There were about 150 Brits staying there, and a couple of Americans. Most folk were in their fifties or sixties. Fat Mac reckons that it’s mainly Hooray Henries who go skiing, but as usual he’s thinking about what it was like in the sivinties. Nowadays, it’s mostly either young ravers or oldies. The ravers stay in places like St Anton, get rat-arsed in the evenings at places like the Krazy Kanguruh and BaseCamp, sleep it off the next day and get on the piste by the pm. The oldies, on the other hand, get up early and have fresh pistes often to themselves. Oldies enjoy places such as the Sporthotel because you can ski in/ski out, and it’s a lot quieter, though having said that, the free wine on offer did raise the noise level somewhat in the evenings.
Most of the people staying at the Sporthotel were professionals of one kind or another, and many had retired. Amongst others, we met three retired doctors, an NHS manager, and a retired teacher. In most cases, the couples both had, or had had, professional level jobs. They were nearly all very good skiers, much better than us, and seemed to go on at least one skiing holiday each year. They were all physically fit – none were obese – in fact, skiing keeps you very fit, and you also have to be fit to ski well. I read the other day that by 2020, 40% of Scottish people will be obese, so I don’t think many of those folk will ski much.
Virtually all of the staff in the chalet hotel were from Britain. It seems that in the UK there are numerous Polish, Portuguese and other foreign nationals who work in the hotels, whilst the Brits go abroad for employment in such services. No doubt they enjoy the skiing on their days off.
Some thought had gone into the dining arrangements. There were various groups who sat at their own tables for most of the week. Then there were a few couples who wanted to sit by themselves. The rest of us were invited to sit in rows of tables seating 10 people. At the entrance to the dining room, you were directed to a specific table, which sometimes varied. Lindsey and I spent our meals either on tables 5 or 6. This meant that our neighbours varied a bit, but that somewhere on each table, each evening, were some people we’d sat beside on previous evenings. This was a good arrangement.

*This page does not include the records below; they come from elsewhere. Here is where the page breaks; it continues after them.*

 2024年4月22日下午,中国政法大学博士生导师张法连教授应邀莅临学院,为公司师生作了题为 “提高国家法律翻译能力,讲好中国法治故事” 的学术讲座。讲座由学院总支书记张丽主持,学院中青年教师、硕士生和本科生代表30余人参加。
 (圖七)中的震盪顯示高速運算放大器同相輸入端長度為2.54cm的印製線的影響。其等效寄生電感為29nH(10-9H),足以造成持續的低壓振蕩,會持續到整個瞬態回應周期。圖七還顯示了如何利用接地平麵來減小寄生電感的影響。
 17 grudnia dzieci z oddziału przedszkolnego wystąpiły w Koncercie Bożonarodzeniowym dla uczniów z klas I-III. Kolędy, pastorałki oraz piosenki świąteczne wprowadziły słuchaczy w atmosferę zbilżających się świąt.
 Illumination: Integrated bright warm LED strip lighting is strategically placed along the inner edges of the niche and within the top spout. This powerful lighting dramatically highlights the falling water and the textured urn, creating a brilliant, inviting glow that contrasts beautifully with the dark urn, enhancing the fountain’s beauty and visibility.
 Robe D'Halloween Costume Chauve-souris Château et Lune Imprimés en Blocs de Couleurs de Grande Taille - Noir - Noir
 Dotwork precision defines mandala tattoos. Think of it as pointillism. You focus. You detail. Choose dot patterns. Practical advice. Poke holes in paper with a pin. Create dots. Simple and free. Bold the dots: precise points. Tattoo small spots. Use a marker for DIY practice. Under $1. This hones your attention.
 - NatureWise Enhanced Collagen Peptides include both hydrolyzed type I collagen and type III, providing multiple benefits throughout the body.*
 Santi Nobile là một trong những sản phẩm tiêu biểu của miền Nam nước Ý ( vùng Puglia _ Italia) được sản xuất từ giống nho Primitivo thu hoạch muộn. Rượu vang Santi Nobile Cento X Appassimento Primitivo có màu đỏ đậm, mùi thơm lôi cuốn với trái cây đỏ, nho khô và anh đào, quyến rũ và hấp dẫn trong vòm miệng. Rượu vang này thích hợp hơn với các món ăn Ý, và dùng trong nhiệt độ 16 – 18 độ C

The tables filled up depending on who arrived in the dining room after the aperitif in the large bar area. So, if you were first to your table, you had your choice of seat. If you were last, you sat in the vacant slots. Not every couple was male/female.
The setup worked well. Imagine if the seating arrangements were fixed, and you had to sit at the same seat, every evening, for example at the end of a row of five double tables, and you’d pulled the short straw and every evening the only neighbour you could talk to was Fat Mac. Well – by the second evening you’d want to go home. Imagine having to listen to talk, every night for two hours, about how the UK needs a Stalin figure who would make sure that hard-working people like yourself, who had maybe been in employment for thirty to thirty-five years or more, should be lined up and shot, and their assets given to the bone-idle! And imagine looking over to your only neighbour during the third course, and, what with the free wine and all, what you’d see would be Fat Mac drooling into his creme brûlée! Imagine the horrors. Thank goodness Fat Mac doesn’t ski!

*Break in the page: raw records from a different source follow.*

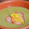 - Розлив вийшов крем-суп із зелені редиски по тарілках, прикрасити його гуртками підсмаженого коренеплоду і поперчити за смаком.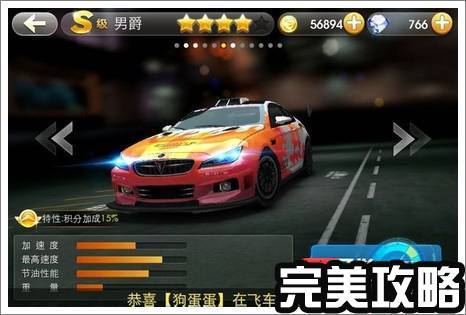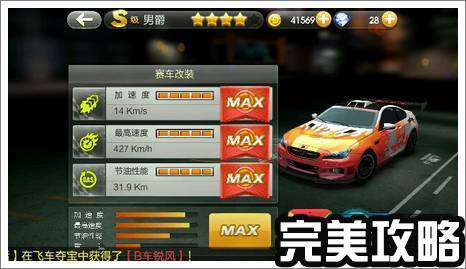 赛车属性:最高加速度14Km/s;最高速度427Km/h;节油性能31.9Km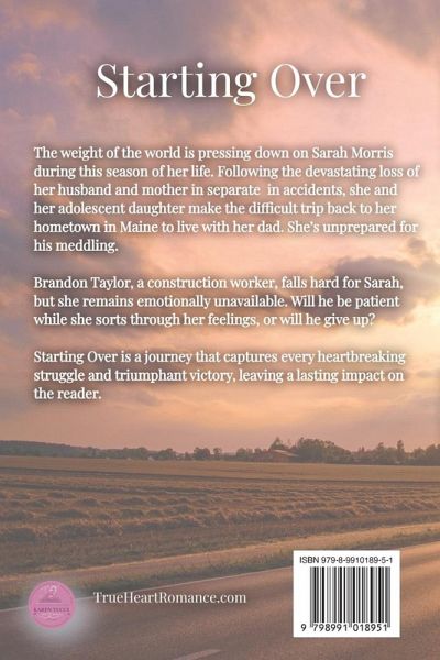 STARTING OVER The weight of the world is pressing down on Sarah Morris during this season of her life. Following the devastating loss of her husband and mother in separate in accidents, she and her adolescent daughter make the difficult trip back to her hometown in Maine to live with her dad. She's unprepared for his meddling. Brandon Taylor, a construction worker, falls hard for Sarah, but she remains emotionally unavailable. Will he be patient while she sorts through her feelings, or will he give up? Starting Over is a journey that captures every heartbreaking struggle and triumphant victory, leaving a lasting impact on the reader.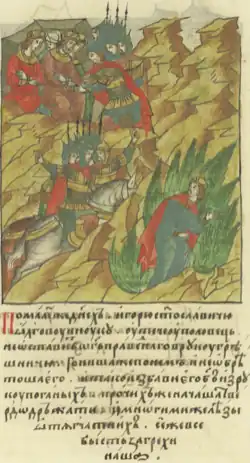 The son of Sviatoslav Olgovich, prince of Chernigov, in 1169 Igor took part in the war against Mstislav Iziaslavich of Kiev on the side of Andrey Bogolyubsky. In order to counter Cuman raids on the lands of southern Rus', in 1185 he organized a campaign against the nomads, without the knowledge of the Grand Prince of Kiev. After an initial victory, Igor's army was surrounded on the Kaiala River. The prince himself was captured, but managed to escape. After Igor's defeat, the Cumans raided the Principality of Pereyaslavl.[6]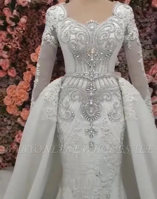 Looking for in , Mermaid style, and Gorgeous Crystal work? Babyonlinewholesale has all covered on this elegant Elegant Long sleeves Mermaid Wedding Dresses with Overskirt.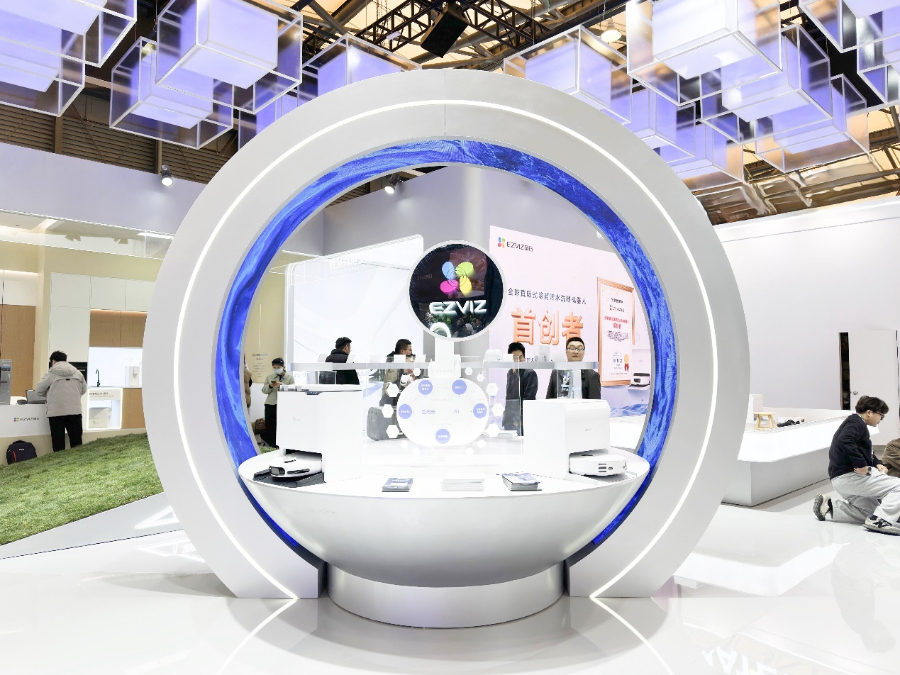 萤石以“AI视界,更‘净’一步”为主题,通过智慧客厅、智慧厨房、智慧商用空间三大场景,向参展观众展现了“AI+视觉”是如何让清洁机器人“看得清看得懂”。

That sort of thing couldn’t happen at the Sporthotel because, as I said, the seating arrangements varied. If you sat in the middle of the table one evening, you could talk to couples on either side of you. But, in fact, your neighbours on either side would spend much of their time talking to the people at the table ends, otherwise those people would only have themselves to talk to. Everyone was in a great mood each evening, as they’d all had a fantastic day on the snow – apart from the woman who was taken out by a boarder on the first day, and suffered a broken leg.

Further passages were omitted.